Certaines pratiques permettent de soutenir le système nerveux :

  • La respiration consciente et lente, qui stimule le nerf vague.

  • Le mouvement corporel (marche, étirements) pour évacuer l’activation.

  • L’ancrage sensoriel (se concentrer sur un son, une odeur, une sensation) pour revenir dans le présent.

  • La psychoéducation : comprendre les mécanismes en jeu réduit la culpabilité et favorise la clarté.

Le Biofeedback TNS

Le Training Neuro Sensoriel (TNS) va plus loin en agissant directement sur les bases physiologiques de la régulation.
Grâce au diploscope, il est possible d’observer comment le système nerveux, à travers la vision, organise ou perturbe la perception. Cet outil met en évidence des décalages subtils révélant un état de dérégulation.

Par des exercices progressifs, le cerveau apprend à retrouver un équilibre plus stable. Les bénéfices observés incluent :

  • une réduction de l’hypervigilance,

  • une meilleure capacité à se détendre après un conflit,

  • une plus grande disponibilité pour dialoguer sans être submergé.

Conclusion

Les conflits ne disparaîtront jamais de nos vies. Mais leur intensité et leur impact dépendent en grande partie de la manière dont notre système nerveux et notre histoire personnelle y répondent.
En comprenant les mécanismes physiologiques, psychologiques et sociaux qui amplifient nos réactions, nous cessons de voir le conflit uniquement comme un problème extérieur.

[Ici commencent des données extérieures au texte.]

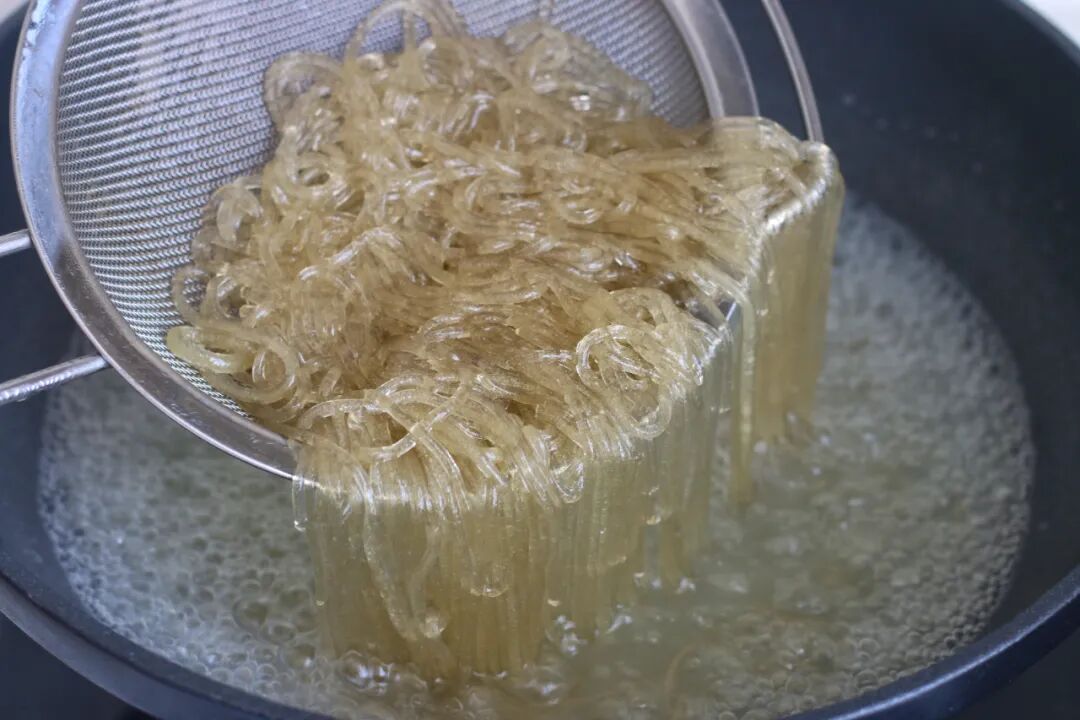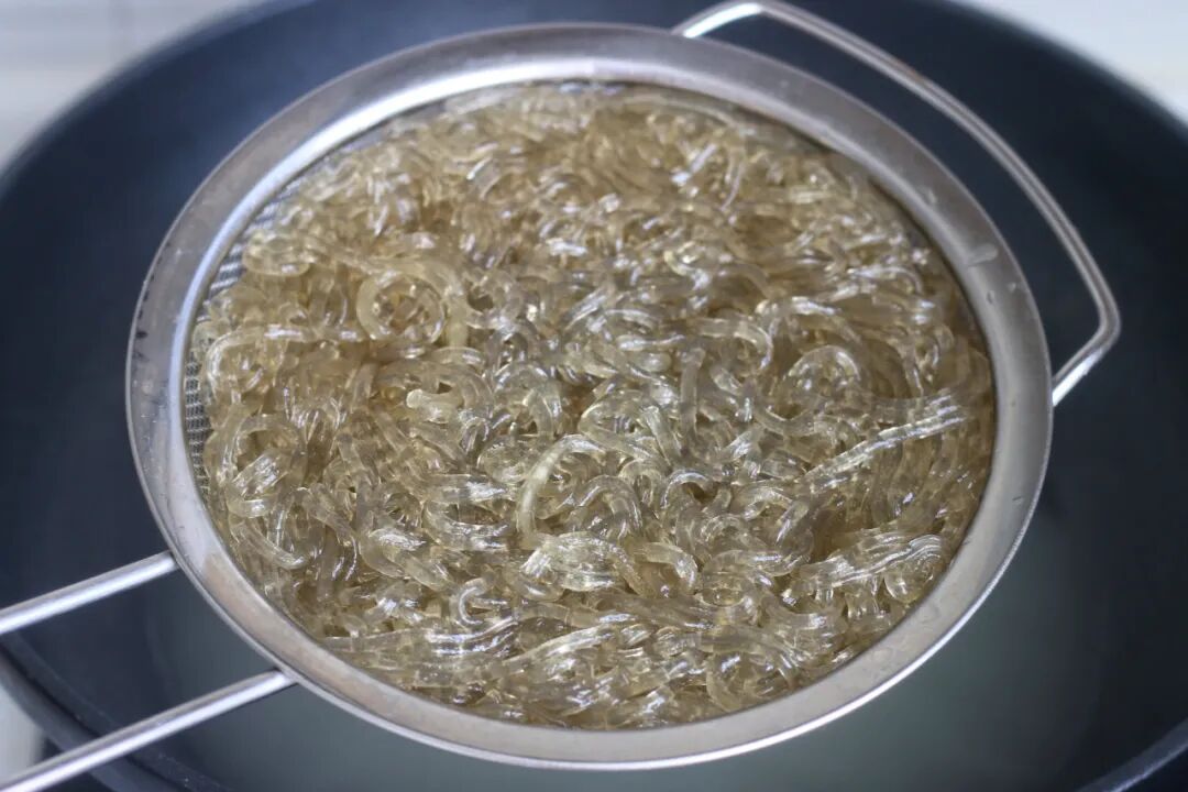 7、过一遍冷水,把粉条表面的淀粉洗掉,然后沥水。这是肉末炒粉条,粉条不沾的关键之一。

Retrouver une régulation nerveuse et émotionnelle, grâce à des approches comme le Biofeedback TNS, permet d’aborder les désaccords avec plus de stabilité, de lucidité et de bienveillance.
Ainsi, le conflit cesse d’être une menace paralysante pour devenir une opportunité de croissance relationnelle et intérieure.

Références

  • Porges, S. W. (2011). The Polyvagal Theory: Neurophysiological Foundations of Emotions, Attachment, Communication, and Self-Regulation. W. W. Norton & Company.

  • Van der Kolk, B. (2015). The Body Keeps the Score: Brain, Mind, and Body in the Healing of Trauma. Penguin Books.

  • Cozolino, L. (2017). The Neuroscience of Human Relationships: Attachment and the Developing Social Brain. W. W. Norton & Company.

  • Eisenberger, N. I., & Lieberman, M. D. (2004). Why rejection hurts: a common neural alarm system for physical and social pain. Trends in Cognitive Sciences, 8(7), 294–300.

  • Nestor, J. (2020). Breath: The New Science of a Lost Art. Riverhead Books.